I could seriously use a nice a nap, couldn’t you?

An anxiety-ridden nail-biter election, somewhat explained by historian Heather Cox Richardson

We are told by the mass media that this election is too close to call right now, very few votes separate the candidates in several “key” “battleground” states. It is not really that close an election, one candidate is about 4,000,000 votes behind the other.

It is only “too close to call” because of a brilliant device, the Electoral College, created, in large part, to preserve the Great Compromise with slaveholders in less populace states (at the time slaves were not considered humans, though a political deal decreed slave men counted for 3/5 of a man — recall the Three-fifths Compromise — for purposes of representation in Congress and Electoral College votes. Slave majority states like South Carolina got a great boon from this deal.). The Electoral College keeps the final decision about the presidency out of the hands of the riffraff, particularly the descendants of former slaves. It should be gone, for many reasons, but it is still the law of the land, as the Framers designed it as part of their Great Compromise with the beneficiaries of the Peculiar Institution (presumably, according to a pious Originalist like Antonin Scalia or Amy Coney Barrett, after direct consultation with the Old Testament God and Jesus Christ Himself).

The night of Election Day, Heather Cox Richardson laid out a bit of our history of the best, most accomplished and most well-born of us keeping the final say in our democracy out of the hands of the crude, dumb majority, entrusting democracy, instead, to the best people, our most refined people.

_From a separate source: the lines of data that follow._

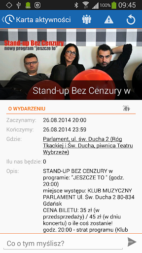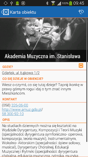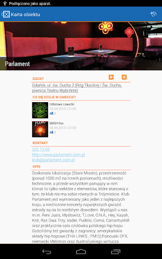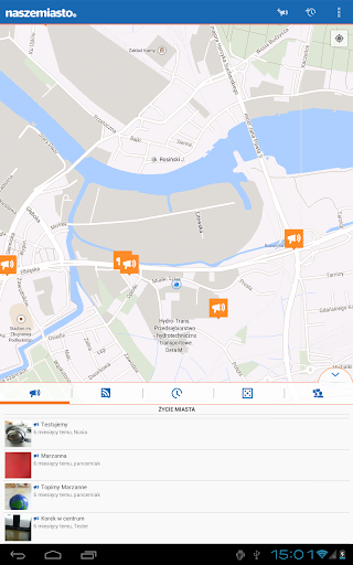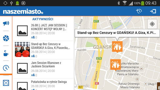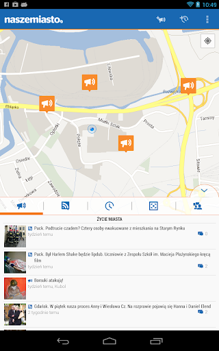 Aplikacja prezentuje wszystkie dane na listach oraz towarzyszącej im mapie, tak, byś zawsze mógł łatwiej zorientować się w okolicy. Pierwsza zakładka z danymi to „Wydarzenia”, gdzie zobaczysz bieżące treści dotyczące Twojego miasta, zredagowane dla Ciebie przez naszą pracowitą redakcję. Obejrzysz powiązane z nimi zdjęcia, będziesz mógł też przesłać swoje oraz wyrazić zdanie o poruszanym temacie i poznać opinie innych.
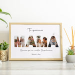 Envíanos las fotos y el texto que quieres incluir. Nosotros crearemos tu cuadro personalizado listo para regalar.
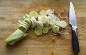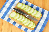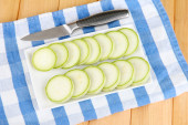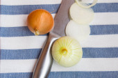 Cebula, pokrojona w plastry na pokładzie krojenia nożem, pasiasty serwetka
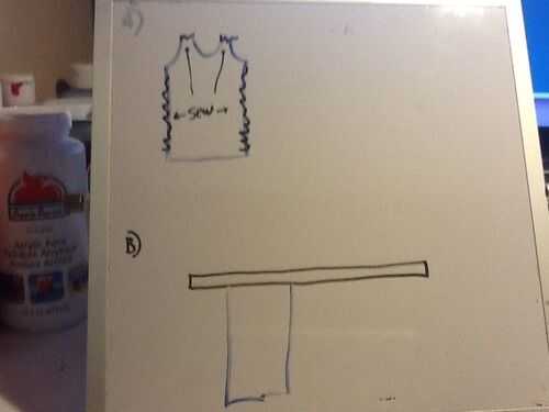 1. Su túnica es básicamente un tanque. Agarrar la tela gris, cortar un patrón tanktop doble (delantero y trasero), cosen los hombros y los lados y deben ser ajustados (foto A).
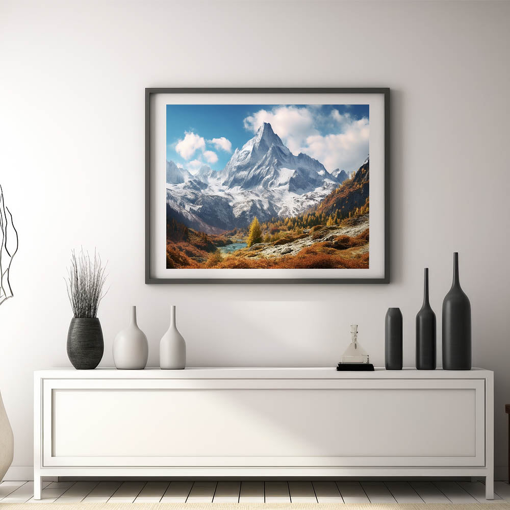Transform your space with the majestic beauty of the French Alps through this stunning wall art. The towering snow-capped peak rises against the brilliant blue sky, while the autumn-hued valley below creates a rich contrast of colors. The golden foliage and crisp mountain air are perfectly captured, making this piece a breathtaking addition to any nature lover’s home. The intricate details of the alpine landscape offer a sense of tranquility and adventure, bringing the beauty of the outdoors into your living space.

I have to admit I was not surprised to learn that quintessential American hypocrite Thomas Jefferson, Author of Liberty and enlightened Renaissance Man, played an outsized role in creating an ugly, unintended invitation to future tyranny. Too soon to know if Trump’s lawyers will, against all the odds, find a way to use the Original Intent of the Framers as the last word on who wins and who loses the presidential sweepstakes, no matter how many votes are cast. The facts might make you scream, but, today, a little screaming is probably good for you.

In 2018, for example, people in Florida voted overwhelmingly to restore voting rights to felons. This would have added about 1.5 million people back to the rolls, many of them African Americans. But the Republican legislature passed a law saying the former felons could not vote unless they had paid all their court fines and fees. A federal judge said that law was essentially an unconstitutional poll tax, but an appeals court overturned that decision. Five of the six judges who upheld the law were appointed by Trump.

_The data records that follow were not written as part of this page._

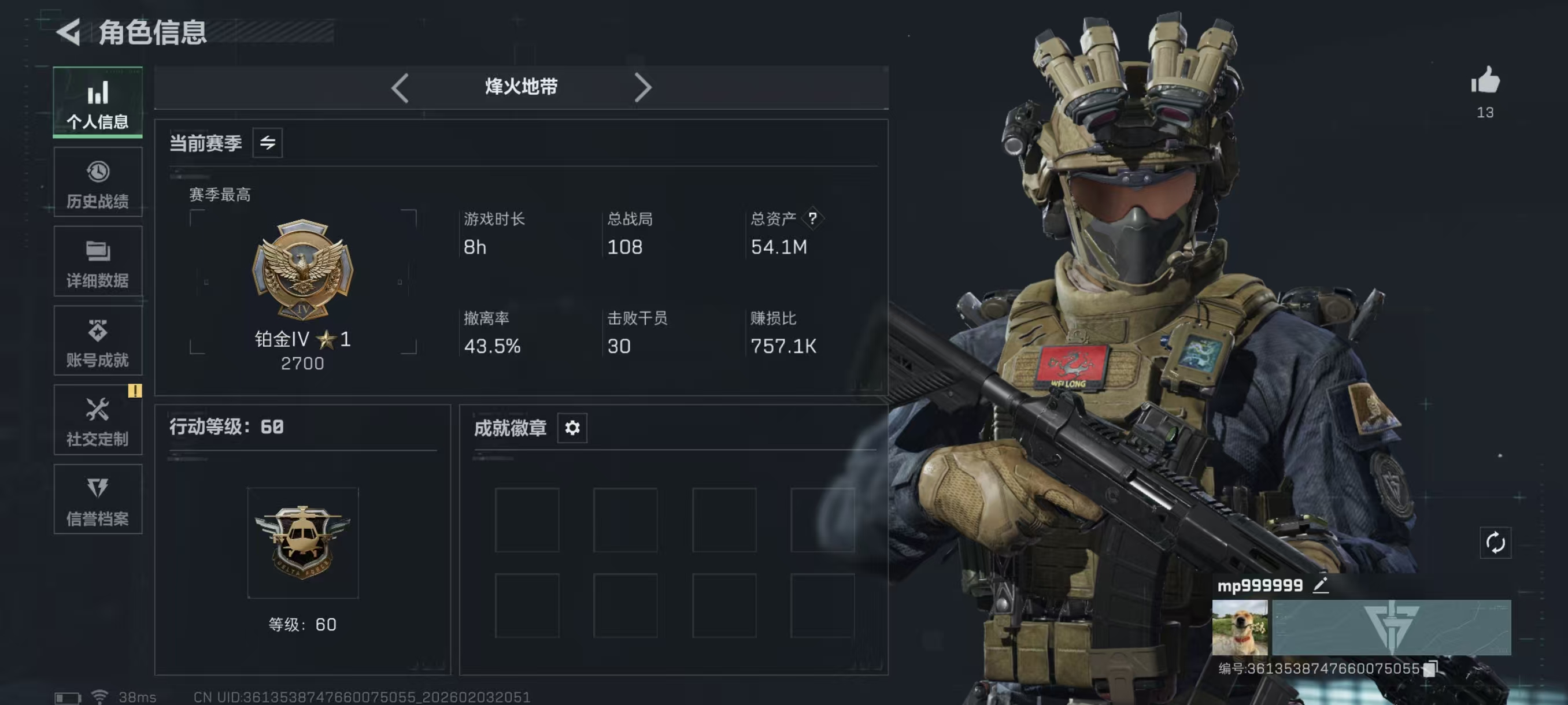 - 烽火地带段位: 铂金
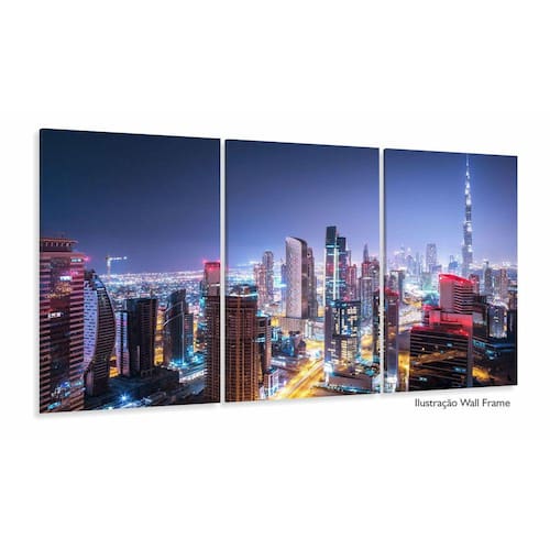 Quadro Decorativo Prédios Cidade Dubai Vista Noturna 3 peças
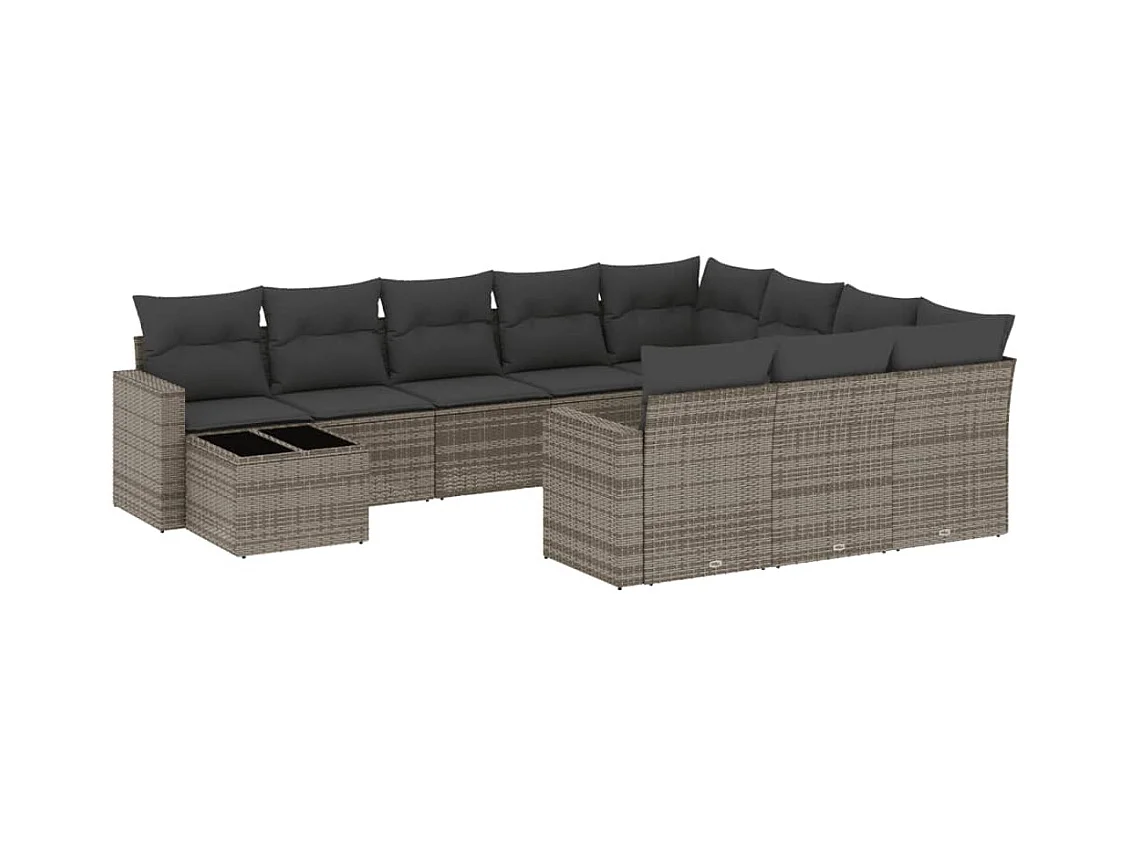 Salon de jardin 11 pcs avec coussins gris résine tressée

Today, as well, there are problems with ballots. This summer, the Postmaster General, Louis DeJoy, a major fundraiser for the Republican Party and a key ally of Trump, changed the rules for mail delivery, slowing it significantly. It turns out that more than 300,000 ballots were checked into the USPS mail system but not checked out of it. U.S. District Judge Emmett G. Sullivan ordered the USPS to sweep 27 processing centers for the missing ballots, but USPS officials refused, saying they already had a system in place and that changing it would be disruptive. Sullivan has called the parties in tomorrow morning to discuss the issue.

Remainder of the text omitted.